I have not seen this result for four strings in literature, and ChatGPT cannot find it either. Maybe people just thought that it’s obvious and didn’t bother to write about it. But I think it’s interesting because it pushes the boundary of how many strings we can reason about at once. The next obvious question is then, how about five strings? Unfortunately, this argument for four strings does not generalize. After pushing the AI for a few hours, it failed to prove the result for five strings.

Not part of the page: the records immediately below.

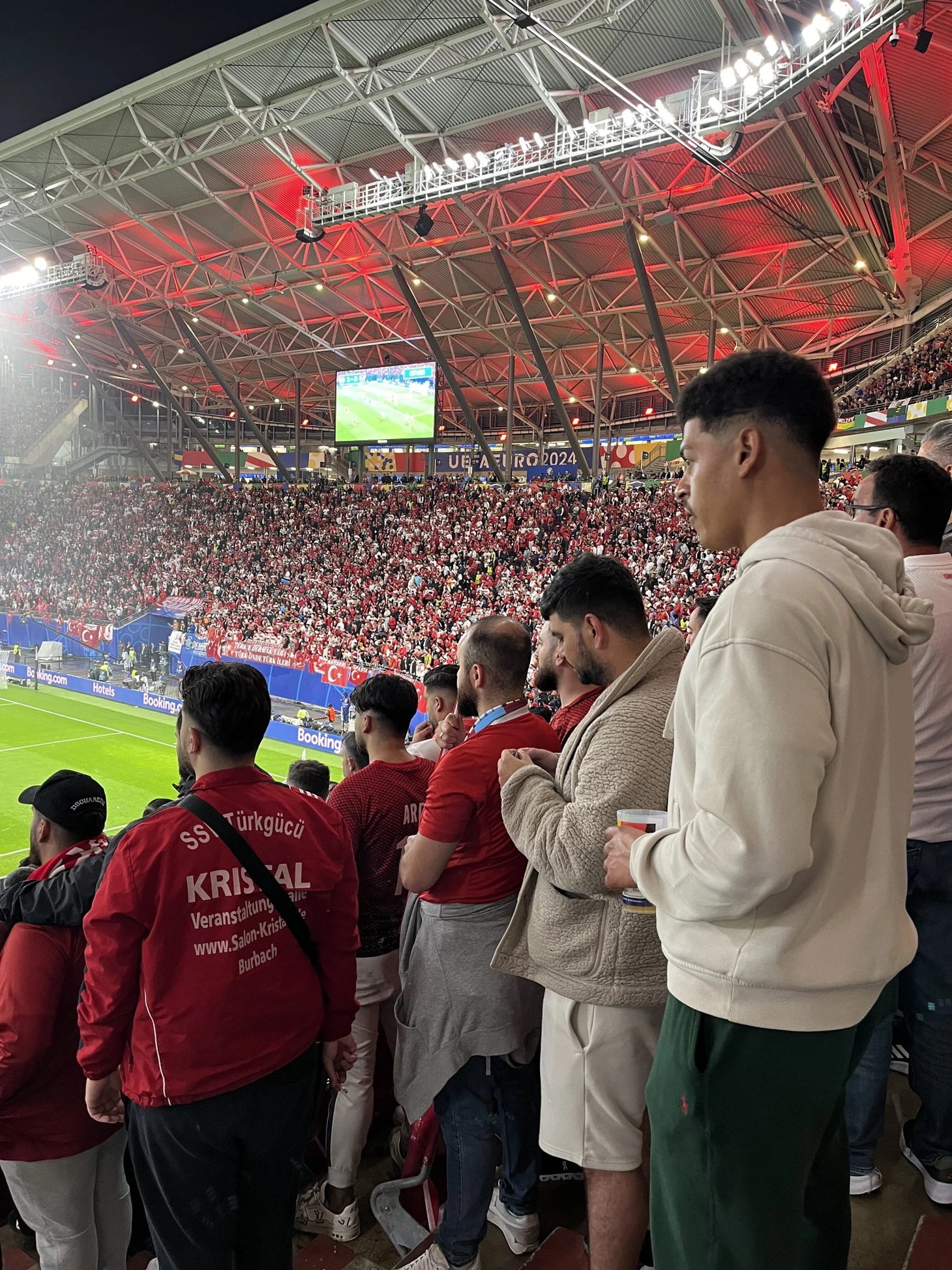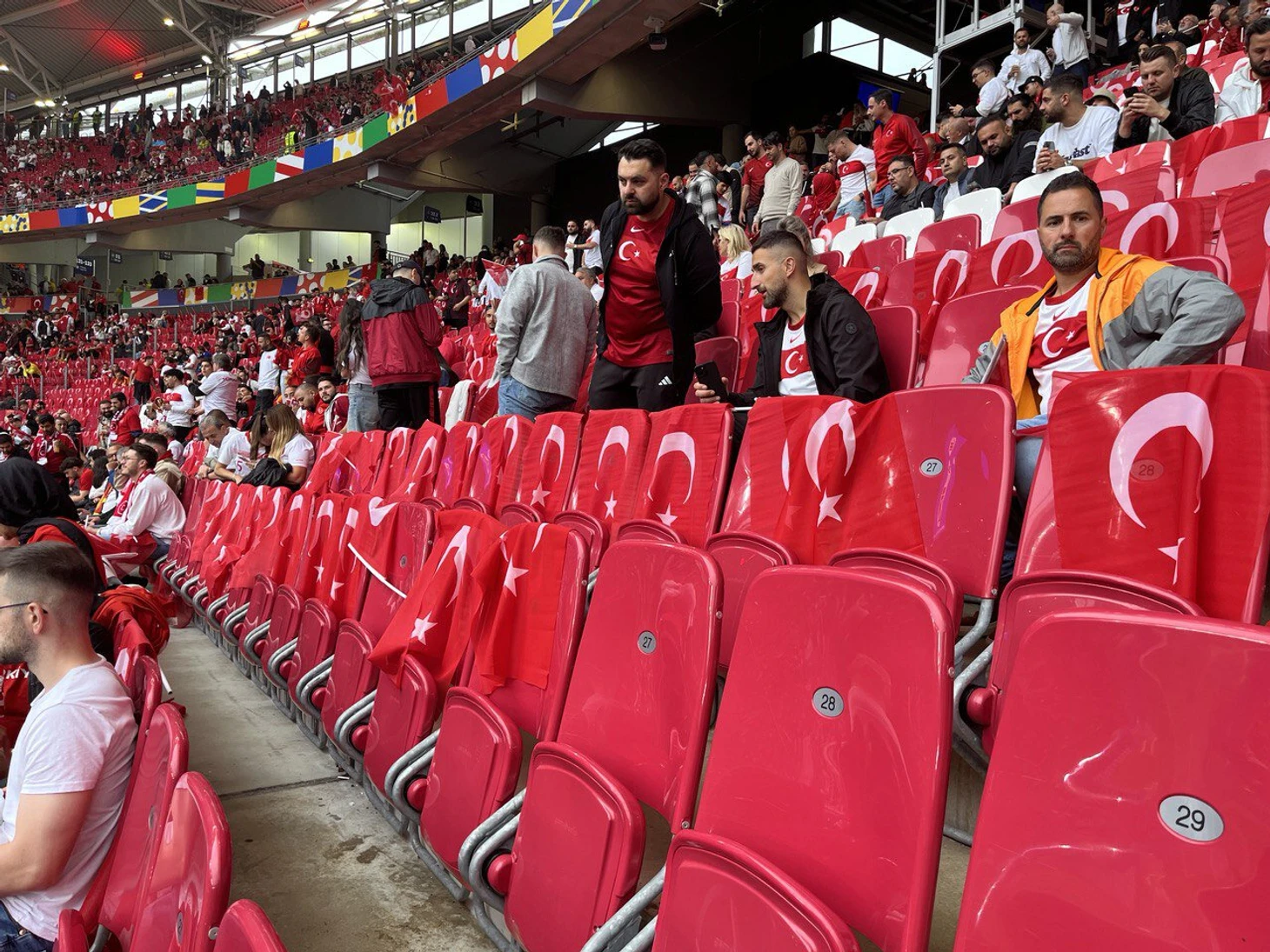 В чаше стадиона различить австрийских и турецких болельщиков сложно: все окрашено в красный. Арена условно делится на две половины: австрийцы занимают трибуну, ближе к которой в первом тайме играл Мерт Гюнок, противоположная – турецкая. У меня идеальная позиция, чтобы следить: в проходе от их трибуны.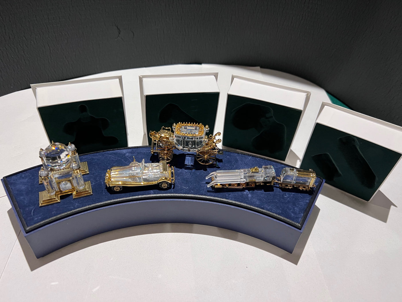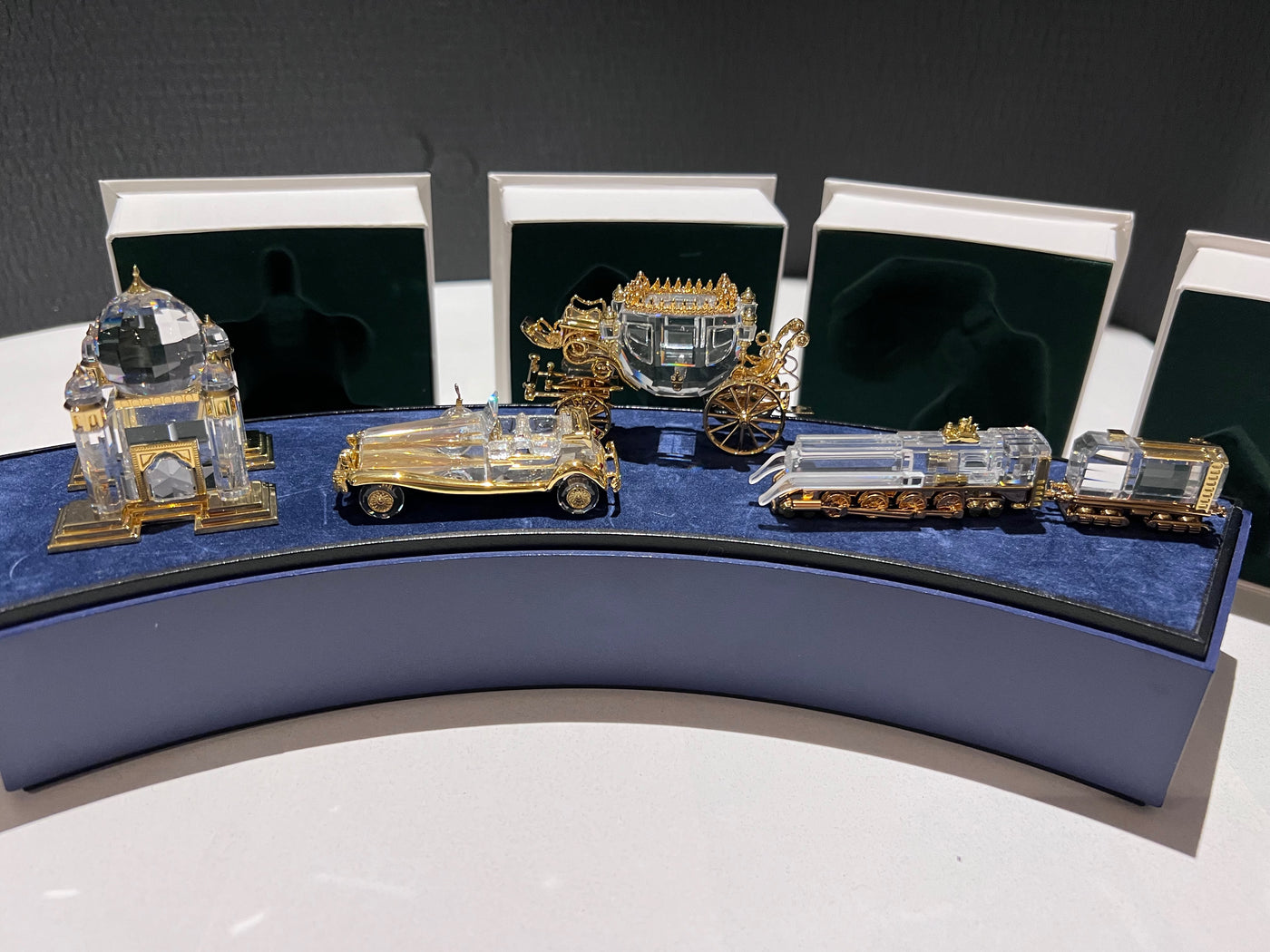 Swarovski Crystal- "Crystal Memories" Journeys Collection- Set of 4: Carriage, Taj Mahal, Limousine, Train Locomotive.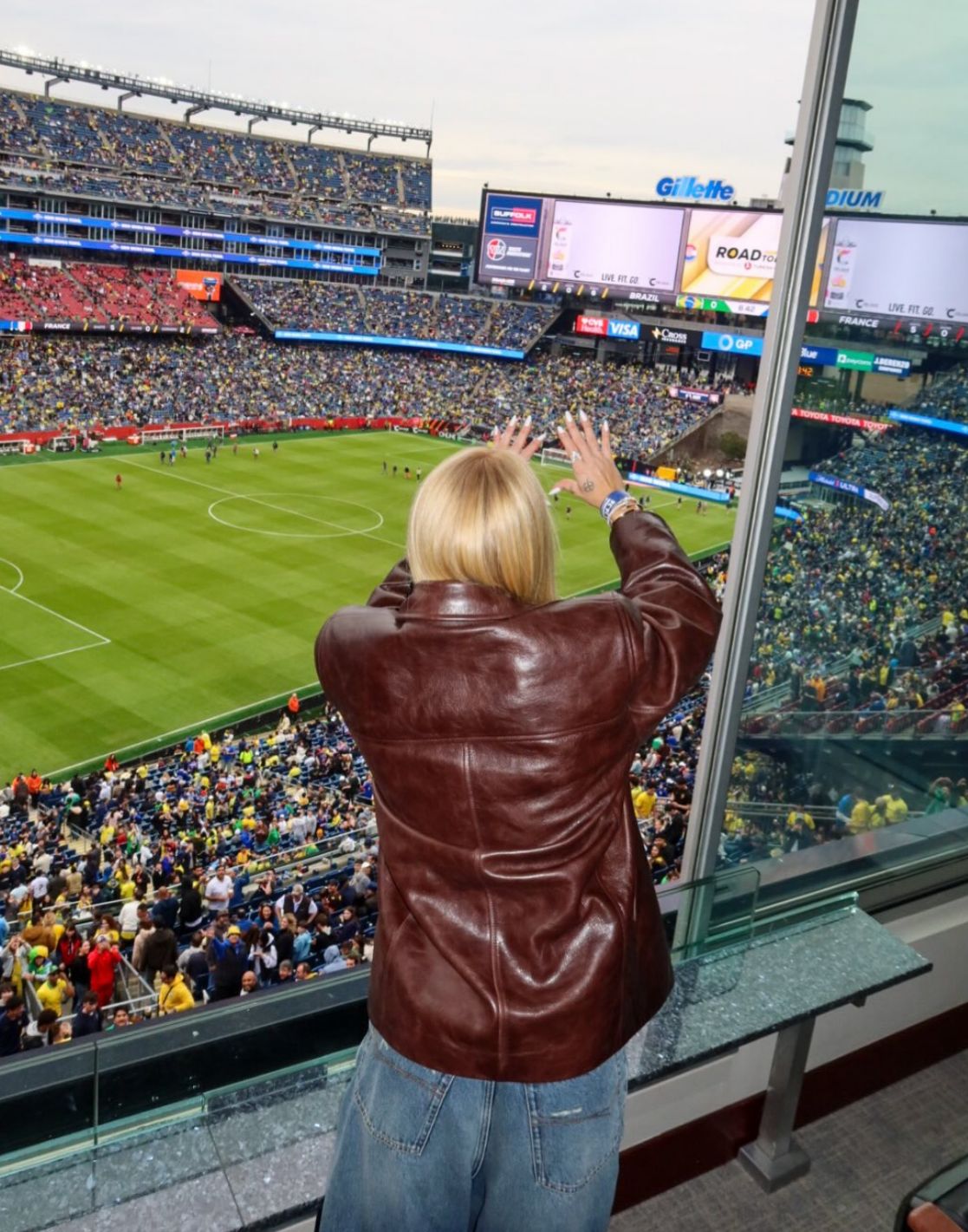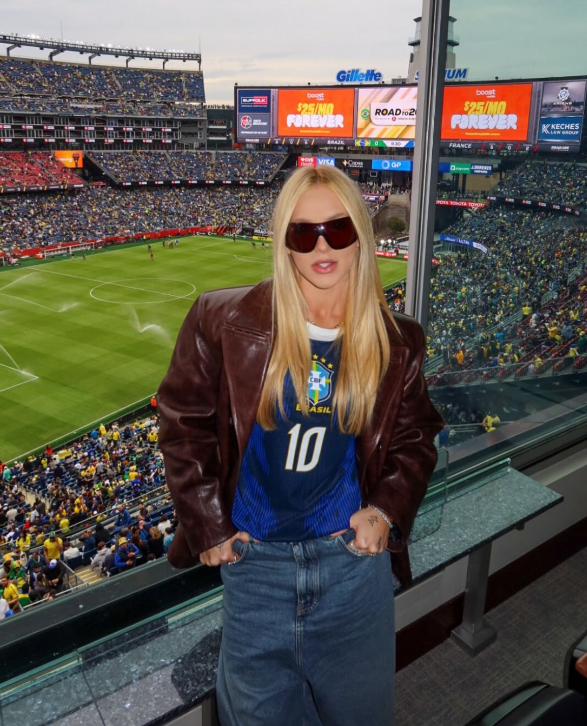 Nos registros publicados, Virginia aparece vestindo a camisa azul da seleção, com o nome de Vini Jr., jaqueta de couro e óculos escuros. Na legenda, ela escreveu “Vamo”, acompanhada de emojis da bandeira do Brasil.

I find this curious because having just five strings still feels like a finite setup with finite complexity. But one cannot easily enumerate and check “all cases” since the strings can be arbitrarily long and thus the number of possible input instances is infinite. A way to attack the problem could be to classify the input instances into a finite number of classes according to the overlap structure, and prove the result for each class separately. Five strings sure sounds a lot more tractable than an unbounded number of strings.

Therefore, I propose the 5-string greedy superstring conjecture, which is the proposition that the greedy superstring algorithm has a worst-case approximation ratio at most 2 for an input with exactly five strings. Would a proof of this five-string conjecture already have enough structure to generalize to the full conjecture for any number of strings? Or if not, how far can we push this? Six strings? Seven?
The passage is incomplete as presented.